For Q2, Evolve expects:

  • Sequential revenue decline due to prior year backlog fulfillment, not underlying demand weakness.
  • Gross margin improvement as purchase mix moderates.

For full-year 2026, management raised guidance:

  • Revenue of $175 to $180 million (20-23% YoY growth).
  • Year-end ARR of $145 to $150 million (20-25% YoY growth).
  • Full-year adjusted EBITDA margin in the high single digits, up from 7.6% in 2025.

Management cited:

  • Higher purchase mix, strong pricing, and ARPU trends as drivers of the guidance raise.
  • H2 2026 as the final period of major fulfillment model impact, with revenue normalization expected post-2026.

Takeaways

Evolve’s Q1 is a case study in how deal mix and platform expansion can drive both top-line acceleration and near-term margin complexity, with the underlying business model delivering increasing predictability and long-term leverage.
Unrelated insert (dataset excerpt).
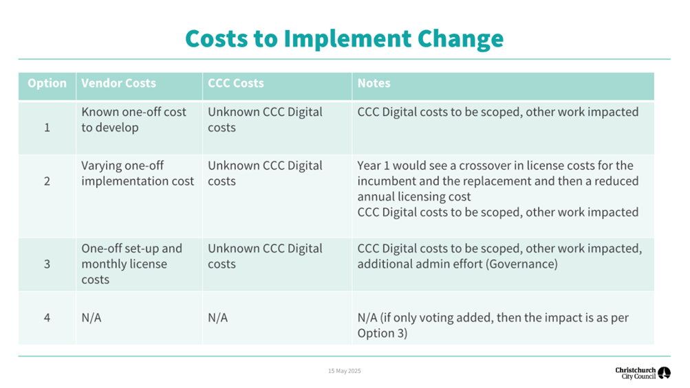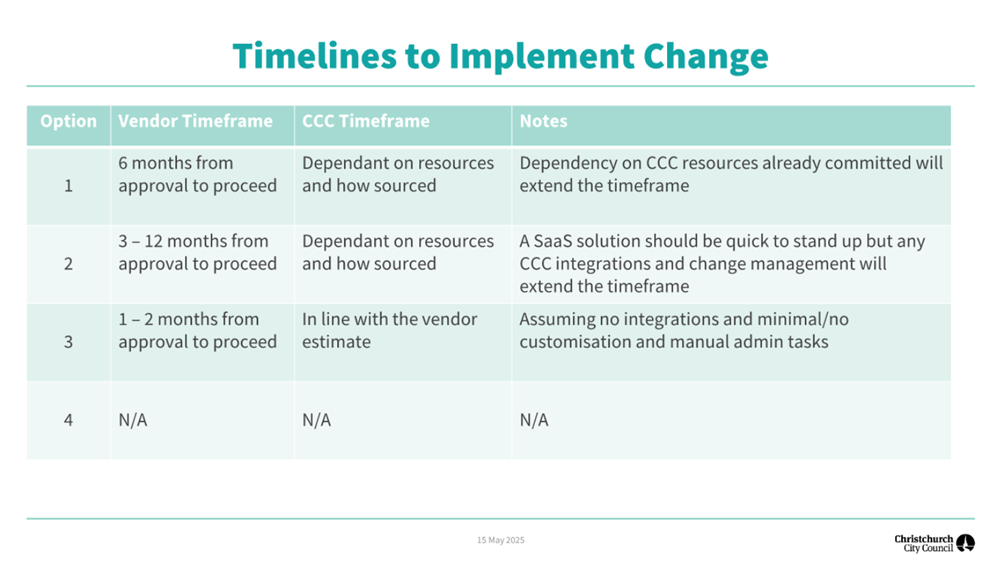 Based on the guidance received in this workshop, staff will scope the work for any change that is required and complete the necessary project steps, including: · an RFP (if needed), · sourcing of funding · Assessment of required resources and what work may need to be stopped or deferred to deliver changes · The development of a timeline for the implementation of changes. |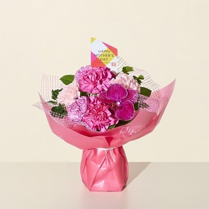 カーネーションとコチョウランを華やかにまとめたピンクが印象的なブーケ。

  • Purchase Mix Inflection: The 64% purchase deal mix catalyzed record revenue but compressed gross margin, a dynamic expected to normalize as recurring revenue grows.
  • Expedite Momentum: Expedite’s rapid adoption is stacking ARPU and shortening sales cycles, reinforcing Evolve’s competitive moat in integrated security screening.
  • Leverage Trajectory: Investors should watch for continued ARR and RPO growth, margin normalization, and updates on long-term EBITDA margin targets at Investor Day.

Conclusion

Evolve Technology’s Q1 2026 results showcase a business at an inflection point, balancing the near-term impact of deal mix shifts with the structural advantages of a growing subscription base and differentiated platform. Management’s upgraded guidance and margin leverage outlook underscore confidence in the path to durable, high-visibility growth.

Industry Read-Through

Evolve’s results highlight a broader industry trend: security technology buyers are demanding integrated, AI-powered solutions that deliver both operational efficiency and safety assurance at scale. The rapid adoption of autonomous screening in education, healthcare, and enterprise verticals signals accelerating replacement of legacy X-ray and manual screening. Competitors lacking integrated hardware-software platforms and AI-enabled workflows face increasing competitive pressure. Legislative momentum for proactive security creates additional sector tailwinds, though policy-driven demand remains an upside lever rather than a baseline assumption. The normalization of recurring revenue models in hardware-centric industries is likely to become a defining theme for security technology providers in the coming years.